Hilary: That depends on your definition of “accurate.” :) This is a blog and it is all my opinion, based on my own experiences. It is NOT a research paper backed up with tons of facts or anything so I would recommend against citing it in any paper you write. :)
Compensation for careers in finance will likely come down significantly after this latest financial meltdown. The market has adjusted.
True, but compensation levels will remain above those of most other fields. For PE/hedge funds in particular, there’s no way you can compete with 2% management fees on $20B under management if you make money by selling services or even high-end products.
in your example, you said that iBankers make so much because they sell companies for millions to zillions of dollars @ .1% profit.
if a company is sold at, let’s say, $50B so .1% of that is $50M…
how is it split? does the iBanker get that whole $50M? or x% goes to the analysts, associates, vps, mds of the group?
does it benefit only the group that sealed the deal?
how many groups are there in an investment company?
how many people are there in a group? what are their functions/positions?
thanks so much!!
It all goes “to the bank.” The $50M itself is not actually split among the group – at the end of the year, the group’s revenue total is taken into account for bonus calculations but pay is not directly proportional, except at the higher levels.
So even if an Analyst didn’t close any deals, he will still get paid the same as other Analysts… but higher than that, and the difference can be significant.
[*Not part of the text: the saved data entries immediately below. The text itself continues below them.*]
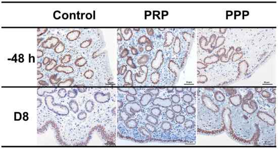 Representative images of immunohistochemical PR expression in uterine biopsies (200× magnification) from mares susceptible to persistent breeding-induced endometritis pre-breeding (−48 h) and on the day of embryo flushing (eight days post-ovulation, D8). Mares were treated with four intrauterine infusions of Lactated-Ringer’s solution (Control), platelet-rich (PRP), or -poor plasma (PPP). Positive nuclei to PR were brown-stained, while negative nuclei were blue stained by hematoxylin counterstain.
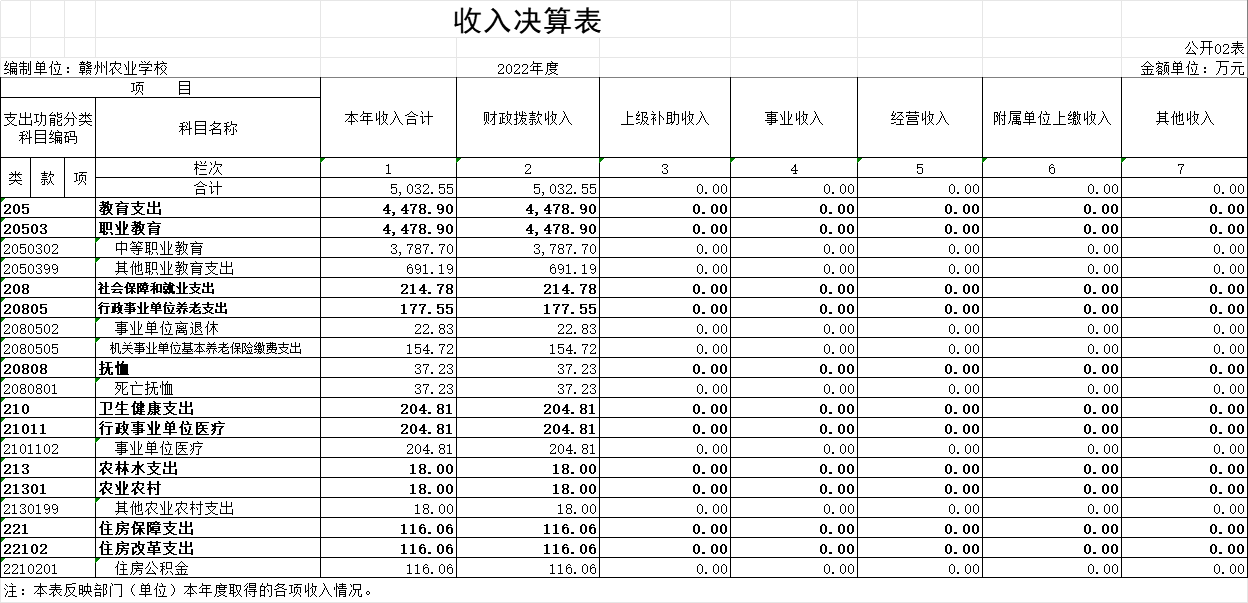 二、收入决算表
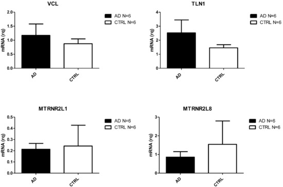 Amongst the most deregulated, we found coding genes already associated to AD such as TLN1 [33], and four nuclear pseudogenes (MTRNR2L6, MTRNR2L1, MTRNR2L10, and MTRNR2L8) of the mitochondrial MT-RNR2 gene [34]. VCL was also upregulated. This gene encodes for a protein involved in a pathway associated to Aβ toxicity [35] and associates to TLN1 [36].
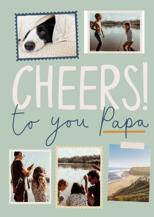 Front of card: 'To you Papa' Photo Upload Birthday Card Handwritten typography with 5 photo frames on a light teal background. Text reads: "Cheers! to you Papa".
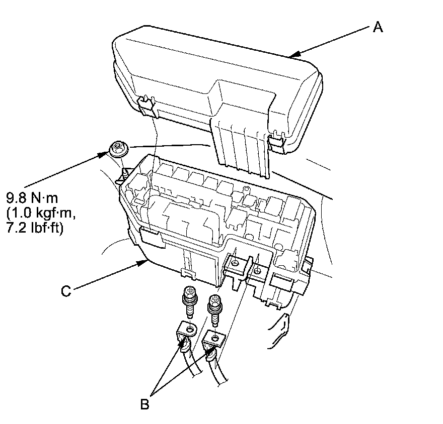 3. Remove the under-hood fuse/relay box (C) from the bracket.
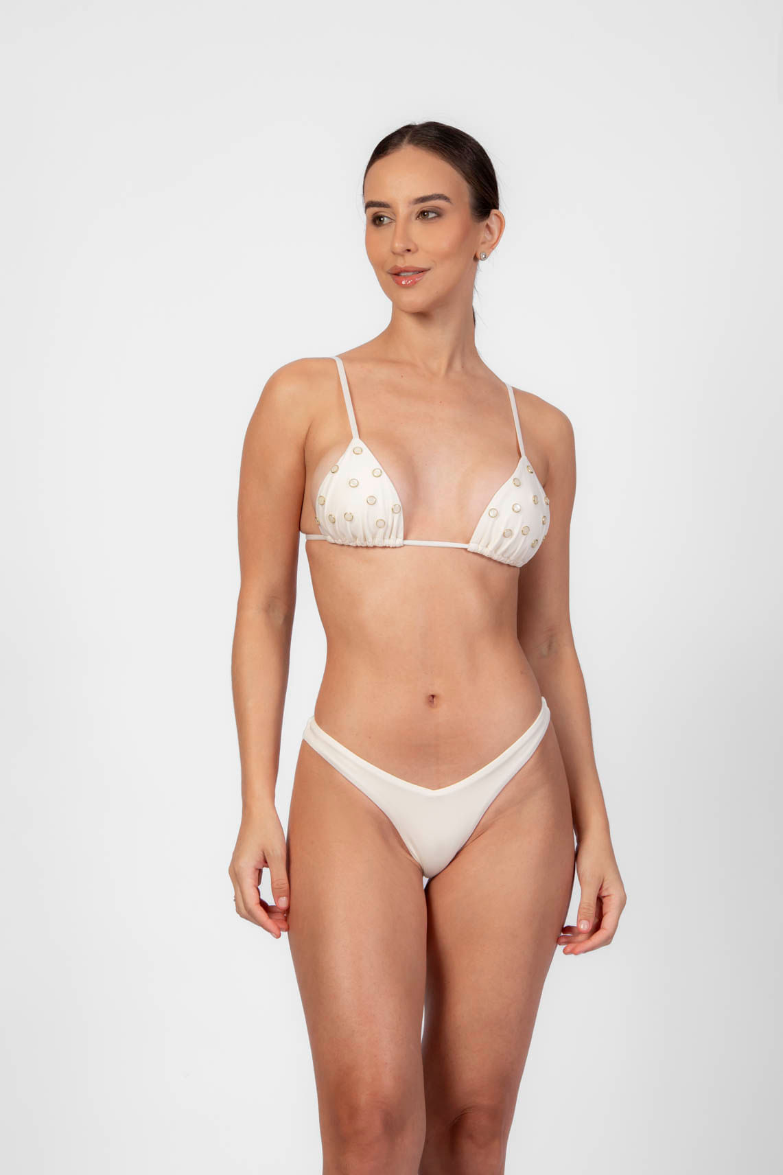 Pérola top de biquíni cortininha duplo com pérolas P
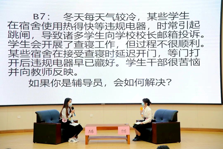 經(jīng)過(guò)初賽“基礎(chǔ)知識(shí)測(cè)試”環(huán)節(jié),共有14名輔導(dǎo)員進(jìn)入4月9日決賽的“談心談話”和“案例研討”環(huán)節(jié)比賽。 “談心談話”主要考察輔導(dǎo)員對(duì)學(xué)生特征、學(xué)生成長(zhǎng)成才規(guī)律的了解把握程度,對(duì)學(xué)生的教育引導(dǎo)能力、解決理論困惑和實(shí)際問(wèn)題的能力等;“案例研討”主要考察輔導(dǎo)員綜合運(yùn)用理論分析問(wèn)題、研判問(wèn)題、解決問(wèn)題的能力,同時(shí)考察輔導(dǎo)員對(duì)學(xué)生基本情況的了解和掌握程度。
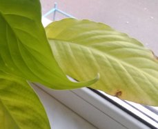 თუ მცენარე ასეთი მიზეზით გაყვითლდა, იგი უნდა გადადგათ უფრო ჩრდილიან ადგილში. მისთვის გამოდგება ჩრ. მხარე. მაგრამ თუ ბინის ყველა ფანჯარა სამხრეთით გადის, არც ეგაა საგანგაშო - მოაშორეთ რაფას მცენარე და დადეთ ოთახის სიღრმეში მაგიდაზე.

In 2002-2003, some VPs made more than MDs if the MD did not close any deals.
Groups at a bank really varies by bank, but maybe around 10-20 main ones at a large bank? People in a group again really varies by bank and group but at minimum there is 1 set of Analyst-Associate-VP-MD and usually multiple people within each of those categories… so one group might have 20 Analysts, 10 Associates, 5 VPs, and 3 MDs (for example).
Dude, bankers used people money for their own expences, and now they want bailout money to spend even more.Forget about plans, investments.Is plain and simple, they waisted huge sums of money.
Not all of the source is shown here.